#### ABC is a plane lamina of the shape of an equilateral triangle. D, E are midpoints of AB, AC and G is the centroid of the lamina. Moment of inertia of lamina about an axis passing through G and perpendicular to the plane ABC $I_{0}$. If the part ADE is removed, the moment of inertia of the remaining part about the same axis is $\frac{NI_{0}}{16}$ where N is an integer.
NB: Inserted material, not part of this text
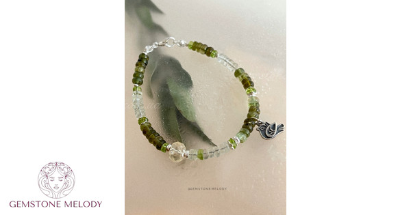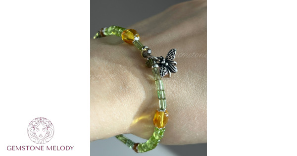Браслет з зеленим турмаліном, хризолітом, бурштином

Value of N is _____________ Option: 1 11 Option: 2 9 Option: 3 8 Option: 4 7

Let the side of the triangle is a and mass is m

\begin{aligned} &\text { MOI of plate ABC about centroid }\\ &\mathrm{I}_{0}=\frac{\mathrm{m}}{3}\left(\left(\frac{\mathrm{a}}{2 \sqrt{3}}\right)^{2} \times 3\right)=\frac{\mathrm{ma}^{2}}{12} \end{aligned}

Triangle ADE is also an equilateral triangle of side  $\frac{a}{2}$.
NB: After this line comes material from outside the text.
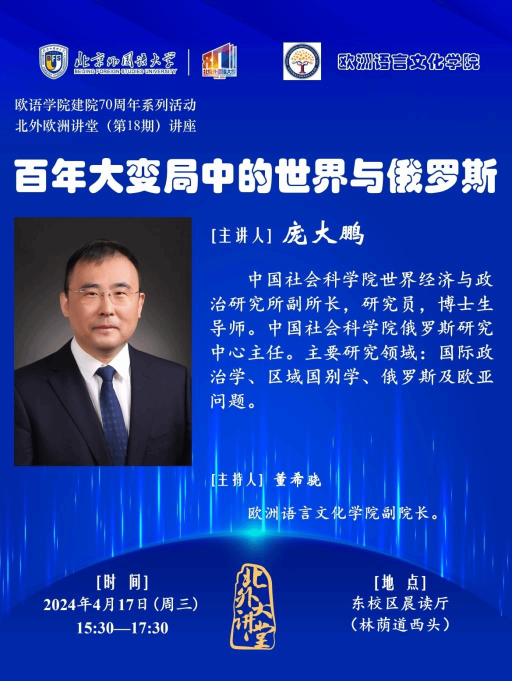 4月17日,本周三,“milan米兰体育官网建院70周年·北外欧洲讲堂”将邀请中国社会科学院世界经济与政治研究所庞大鹏研究员,为大家带来题为《百年大变局中的世界与俄罗斯》的讲座。

Let the moment of inertia of triangular plate ADE about its centroid (G') is $I_1$ and mass is  $m_1$

$\dpi{150} \begin{array}{l} \mathrm{m}_{1}=\frac{\mathrm{m}}{\frac{\sqrt{3} \mathrm{a}^{2}}{4}} \times \frac{\sqrt{3}}{4}\left(\frac{\mathrm{a}}{2}\right)^{2}=\frac{\mathrm{m}}{4} \\ \\ \mathrm{I}_{1}=\frac{\mathrm{m}_{1}}{12}\left(\frac{\mathrm{a}}{2}\right)^{2}=\frac{\mathrm{m}}{4 \times 12} \frac{\mathrm{a}^{2}}{4}=\frac{\mathrm{ma}^{2}}{192} \end{array}$

$\dpi{120} \text {from figure distance } \mathrm{GG}^{\prime}=\frac{\mathrm{a}}{\sqrt{3}}-\frac{\mathrm{a}}{2 \sqrt{3}}=\frac{\mathrm{a}}{2 \sqrt{3}}$

\begin{aligned} &\text { so MOI of part ADE about centroid G is }\\ &\mathrm{I}_{2}=\mathrm{I}_{1}+\mathrm{m}_{1}\left(\frac{\mathrm{a}}{2 \sqrt{3}}\right)^{2}=\frac{\mathrm{ma}^{2}}{192}+\frac{\mathrm{m}}{4} \cdot \frac{\mathrm{a}^{2}}{12}=\frac{5 \mathrm{ma}^{2}}{192} \end{aligned}

now MOI of remaining part

\begin{aligned} &I_{re}=\frac{m a^{2}}{12}-\frac{5 m a^{2}}{192}=\frac{11 m a^{2}}{12 \times 16}=\frac{11 I_{0}}{16} \\ \Rightarrow & N=11 \end{aligned}